I live in Norway and we have from time to time this type of challenges. What I've heard, is that normal kitchen type refrigerators start loosing their cooling capacity when exposed to temperatures in the lower temperature range:15C and lower but still above 0C. My personal experience is that the refrigerator I use in the basement of our house with temp. between 9C - 13C, never caused problems or gave signs of loss of capacity. In our summer cottage we have placed an extra refrigerator in an uninsulated part of the cottage. It functions well but starts to behave strange when exposed to temperatures under 7-8C (we are talking about Norwegian summers 8) ).

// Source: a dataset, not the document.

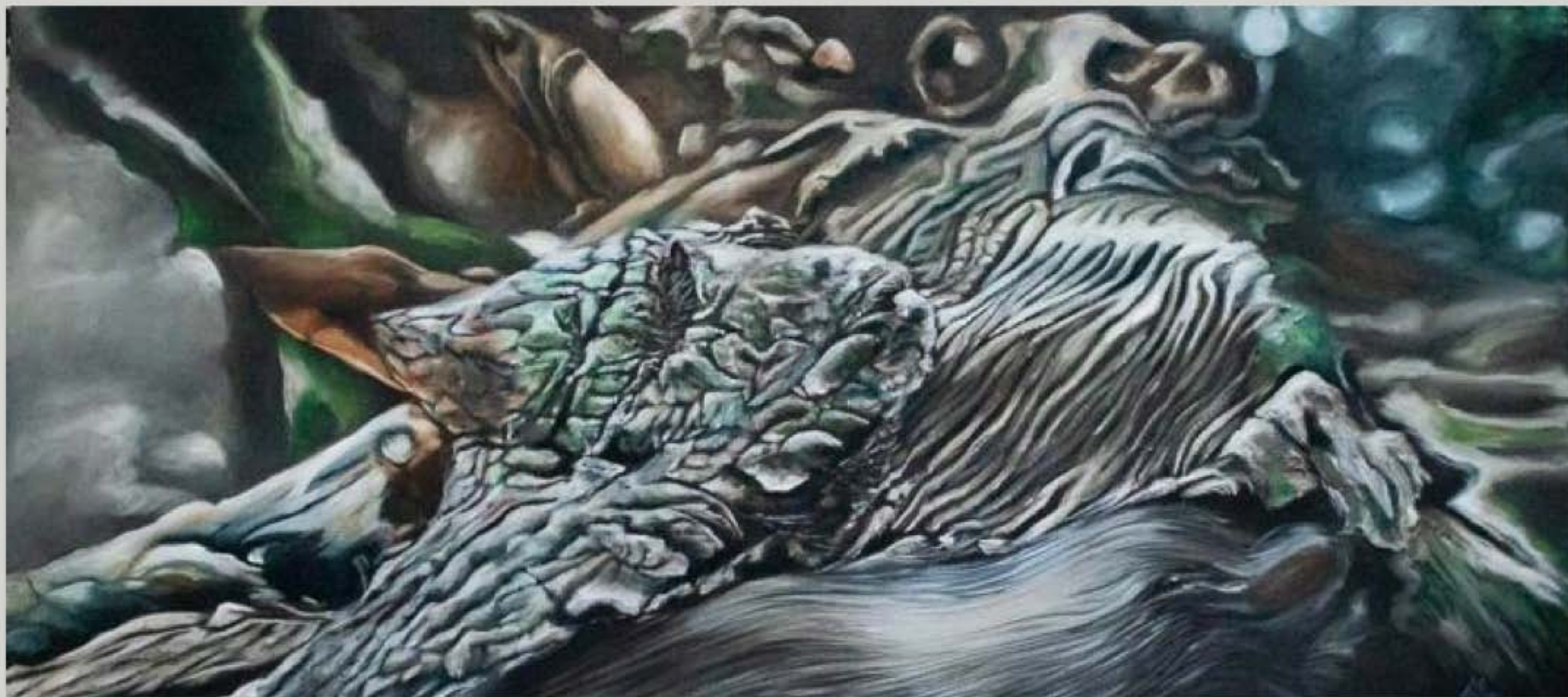
Laurette de Jager, All of Creation III (2022). Oil on canvas, 49cm x 104cm. Framed in Kiaat. R 16 000

I can't explain it, but temperatures in the refrigerator could vary much.
I know that there are special winter fridges available for recreation vehicles/camper vans as well as winter covers for more normal type of refrigerators. However I don't have experience with those.

Regards,
Slurk
 
Thanks for the insight! I think it's just going to take time and observation to determine how my fridge in my particular climate will react.

@philm63 - that's an interesting idea...hopefully the FermWrap would have a strong enough heating element to withstand the colder temps in the fridge
 
  A little late to catch this train, but I can tell you that I was fermenting and chilling in the same fridge with great temp control and no negative impact on beer.
  Simple answer, Refelctix insulation capsule for bucket or carboy, fermwrap with a Ranco  controller. Easily 80F in the capsule while 42F in the fridge.
  I have a second frige now and use this method to age and ferment at the same time!